• Records supplied:
****************
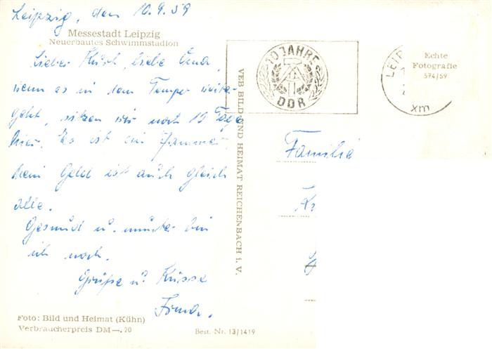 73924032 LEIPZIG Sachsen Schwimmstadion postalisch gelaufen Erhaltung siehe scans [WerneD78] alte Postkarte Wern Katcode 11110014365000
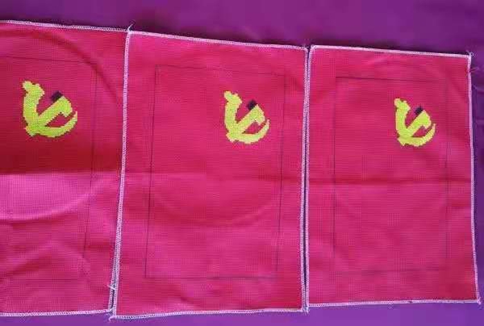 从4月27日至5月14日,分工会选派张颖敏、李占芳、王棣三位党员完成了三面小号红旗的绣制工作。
****************
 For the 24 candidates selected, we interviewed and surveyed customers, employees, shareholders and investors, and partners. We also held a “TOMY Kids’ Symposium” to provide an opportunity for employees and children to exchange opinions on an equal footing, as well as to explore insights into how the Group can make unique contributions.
****************
A clean copy is needed of the lines in the listing above from the one with "73924032 LEIPZIG Sachsen" through the one with "从4月27日至5月14日,分", exact in every word and free of pictures.

 73924032 LEIPZIG Sachsen Schwimmstadion postalisch gelaufen Erhaltung siehe scans [WerneD78] alte Postkarte Wern Katcode 11110014365000
 从4月27日至5月14日,分工会选派张颖敏、李占芳、王棣三位党员完成了三面小号红旗的绣制工作。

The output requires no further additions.